Friedreich Ataxia is a slow, progressive disorder of the nervous system and muscles, which results in an inability to coordinate voluntary muscle movements (ataxia). The onset of symptoms is gradual and progressive – affecting the person’s coordination, mobility, speech, and heart function. Onset of symptoms occurs between 5-15 years of age, however can appear as early as 18 months or as late as 40 years of age. It is a rare condition, with one in 50,000 affected and females and males equally. The cause of FA is an altered gene, affecting the production of a protein called frataxin. The reduction in the amount of frataxin affects muscle and nerve cells resulting in cell damage and cell death. Gradual loss of function occurs as a result of this damage.

Signs and Symptoms of FA usually become noticeable during the early teenage years, though this can vary. The first symptoms are usually difficulty with balance and impaired coordination in the arms and legs. As time goes on, other symptoms occur such as; fatigue, slurred speech, hearing loss, aggressive scoliosis (curvature of the spine), pes cavus (high arches in the feet), diabetes mellitus (insulin – dependent, in 20% of people with FA) and serious heart conditions, including hypertrophic cardiomyopathy and arrthymias.

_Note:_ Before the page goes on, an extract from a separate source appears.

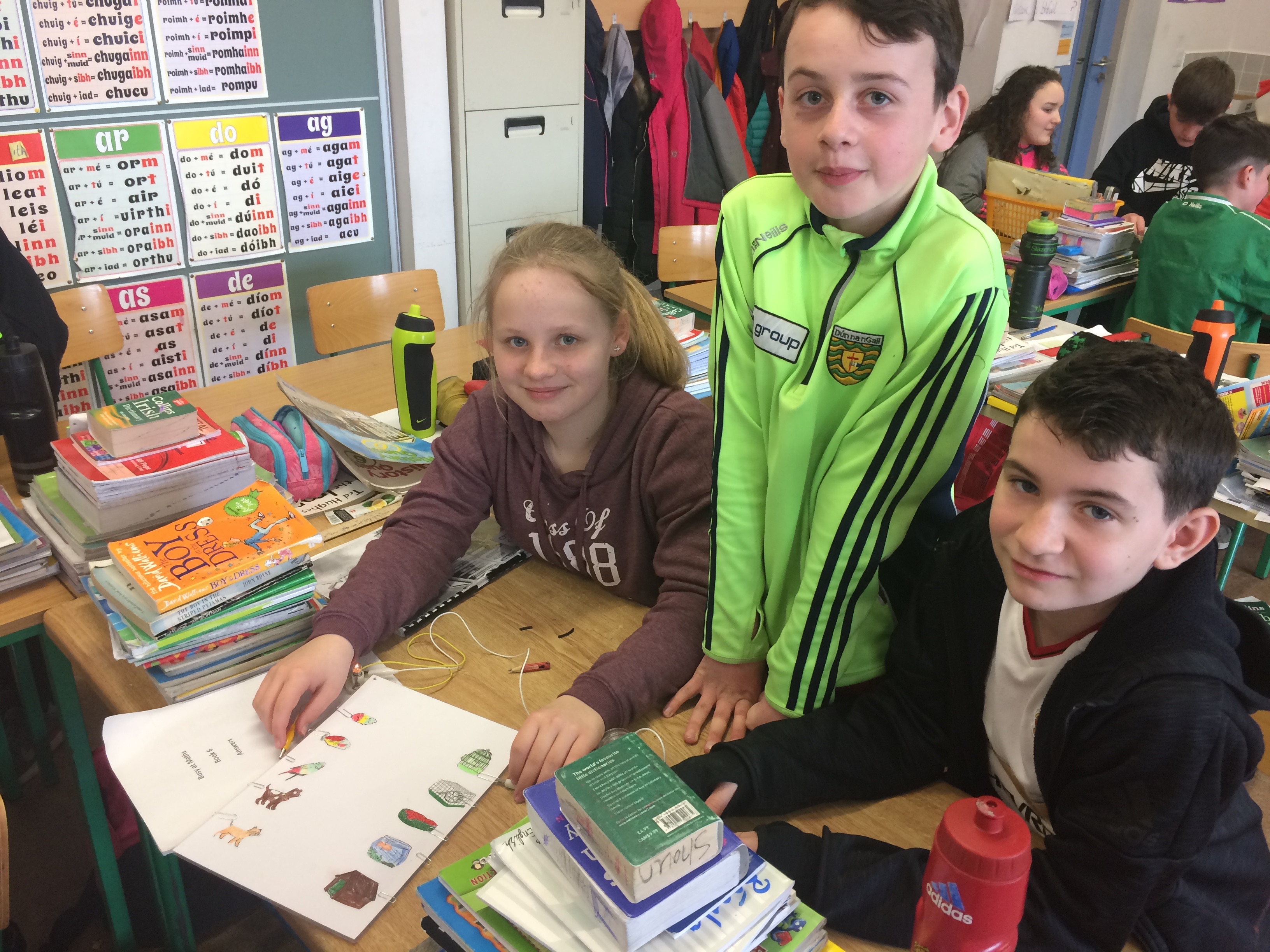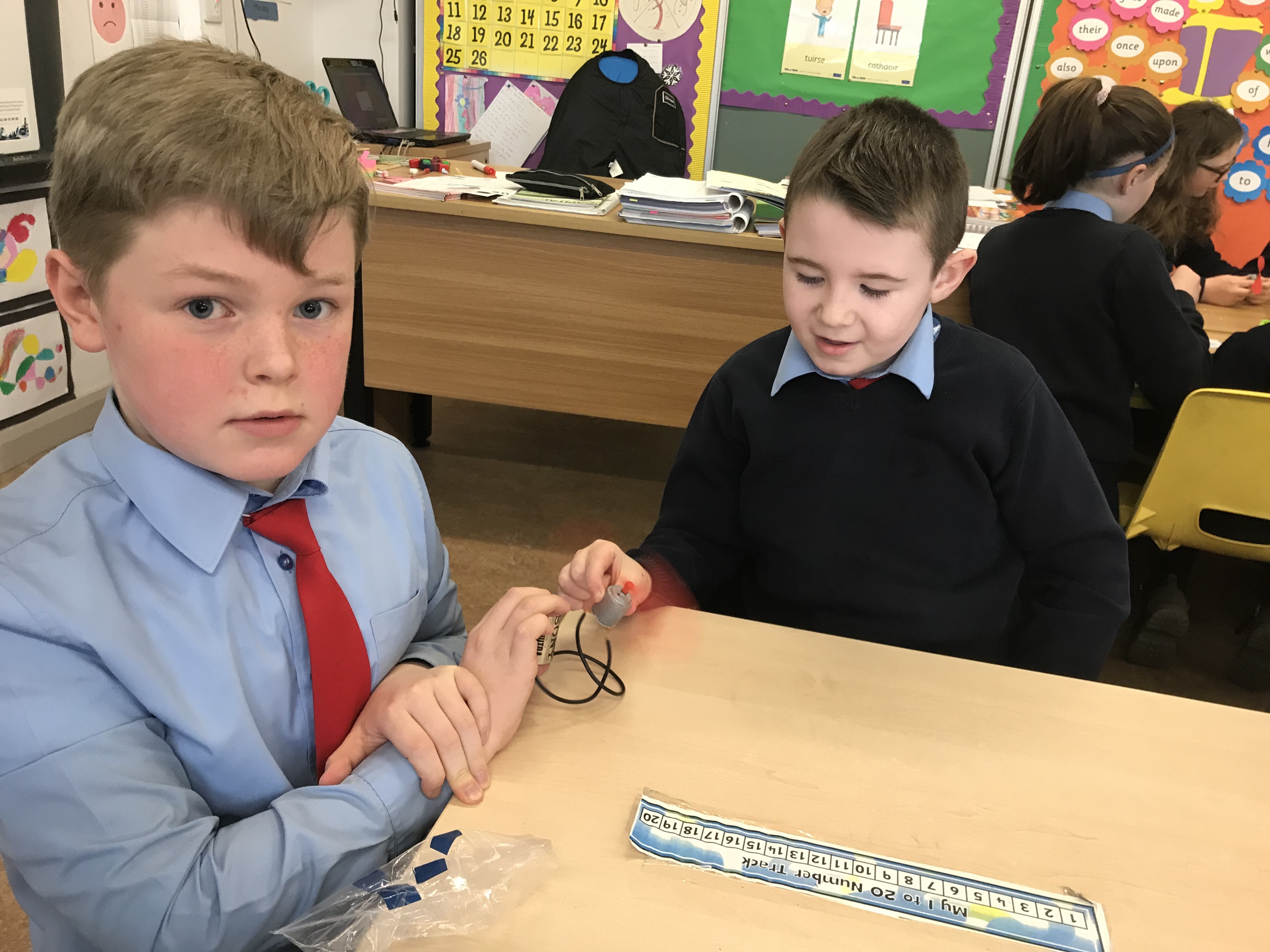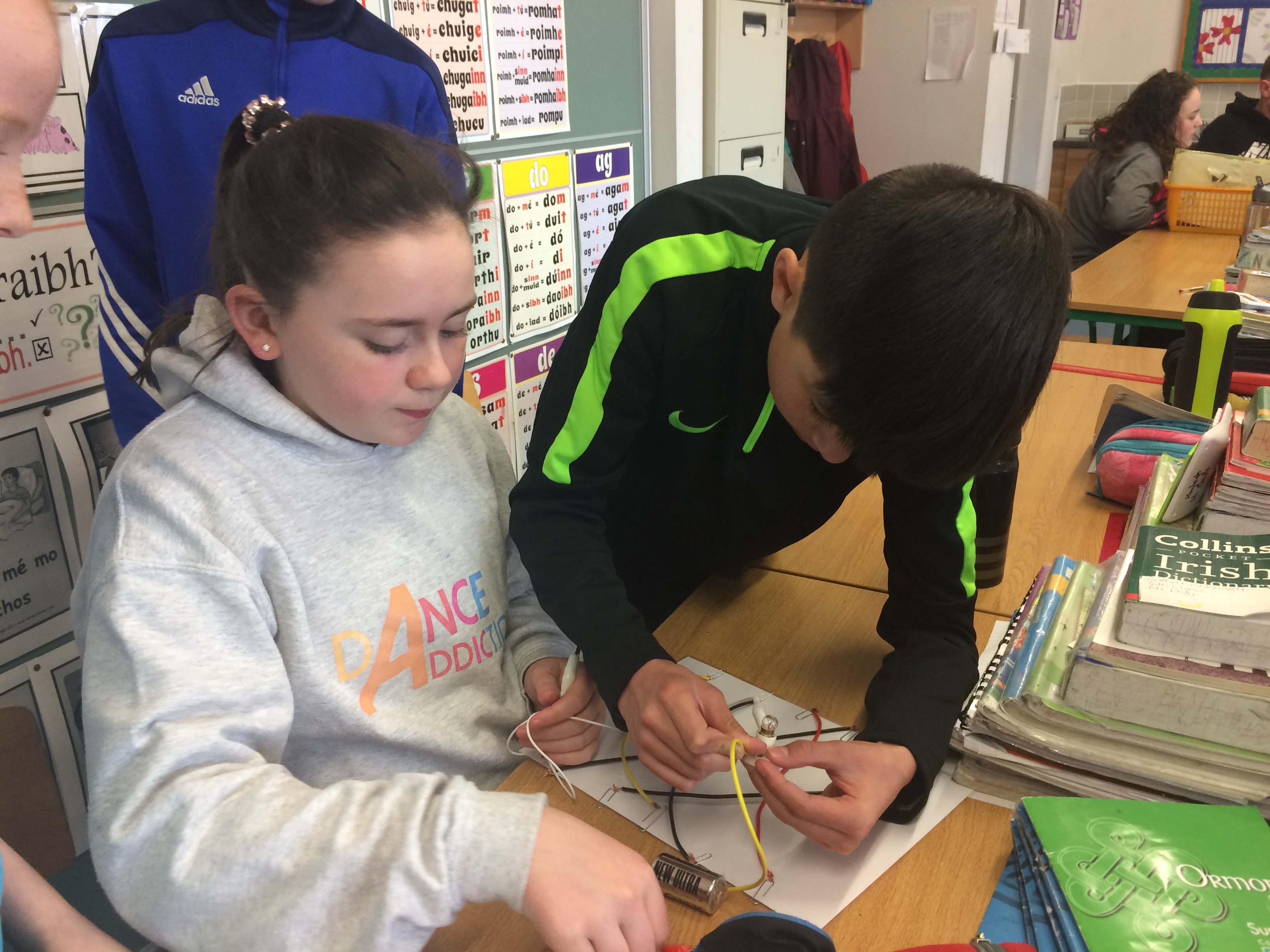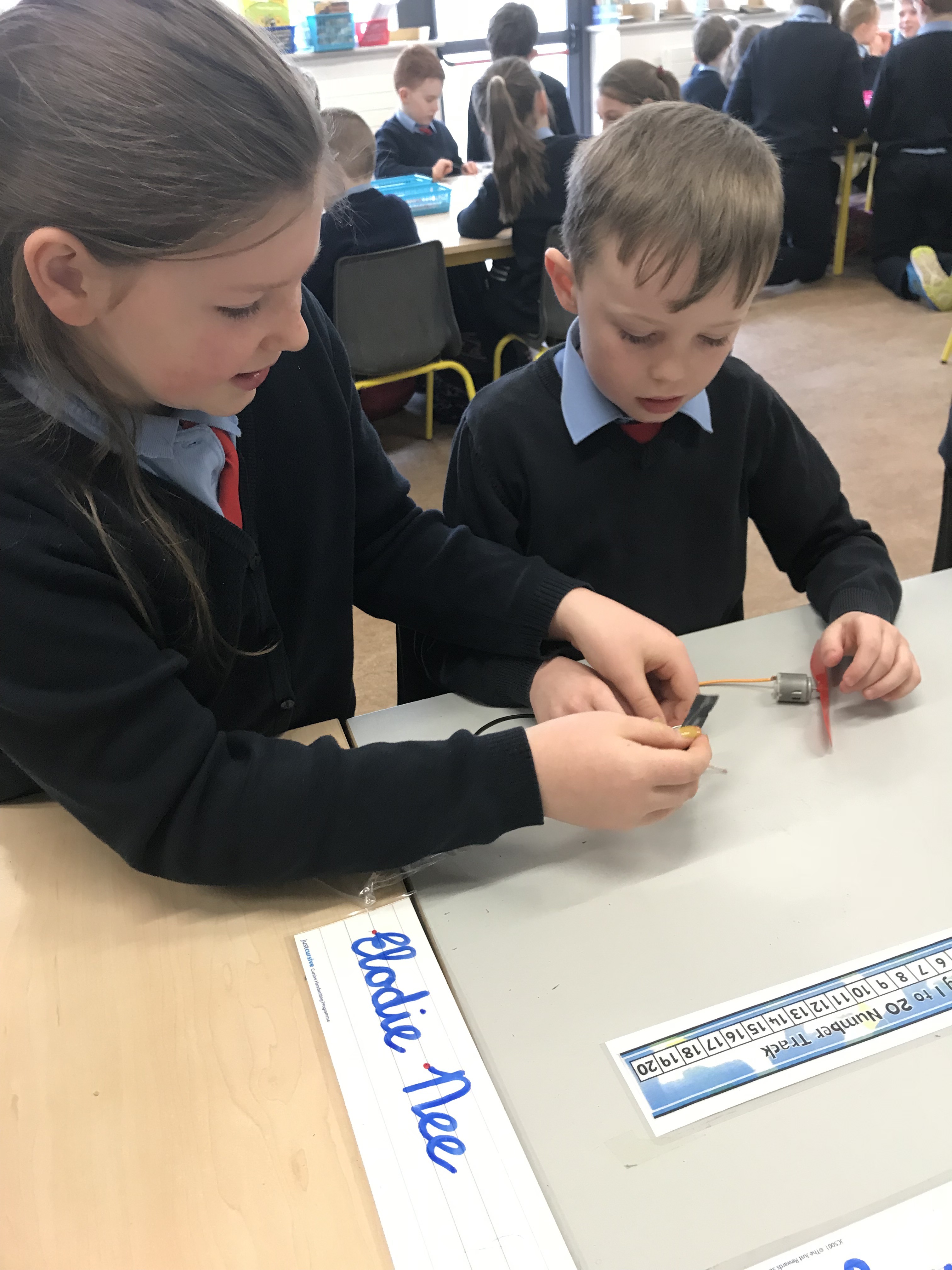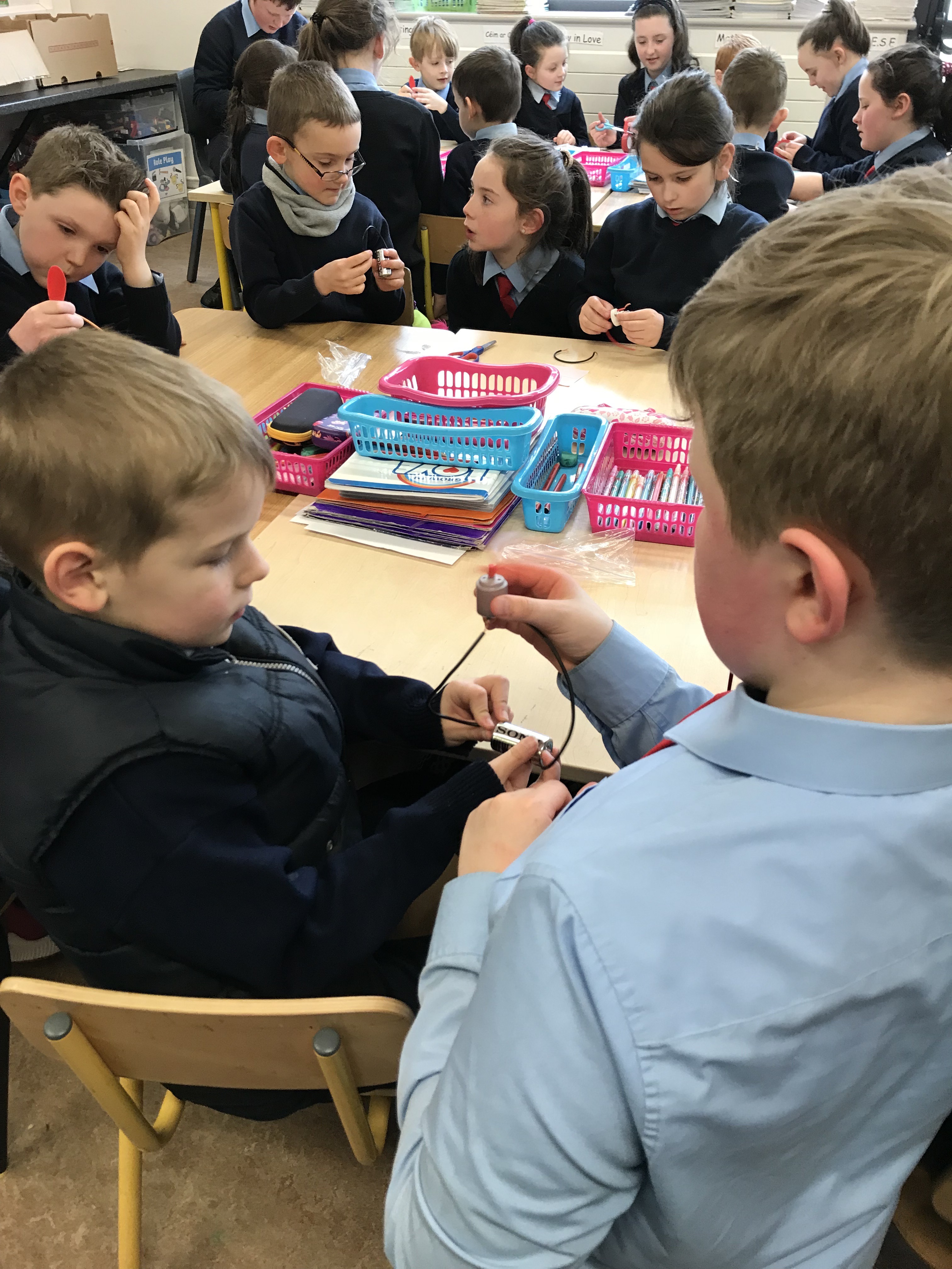 Senior classes made electric quizzes for 1st class. If they got the answer right, the fan rotated!

Up to 1 in 90 people in New Zealand are carriers of the gene and when both parents are carriers (and show no symptoms of the condition) there is a 1 in 4 chance of having a child with FA as the altered gene is recessive. This means there can be more than one child in a family with FA though there may be no family history of the condition.

The Friedreich Ataxia Research Association New Zealand (FARA NZ) is a charitable organisation set up to improve the quality of life for people diagnosed with FA, by supporting them and their families and to assist the funding of scientific research to treat this rare neurological degenerative condition.

FARA’s primary objective is to raise funds to support international research and to accelerate patients into clinical trials for new therapies in order for us to find a cure for Friedreich Ataxia.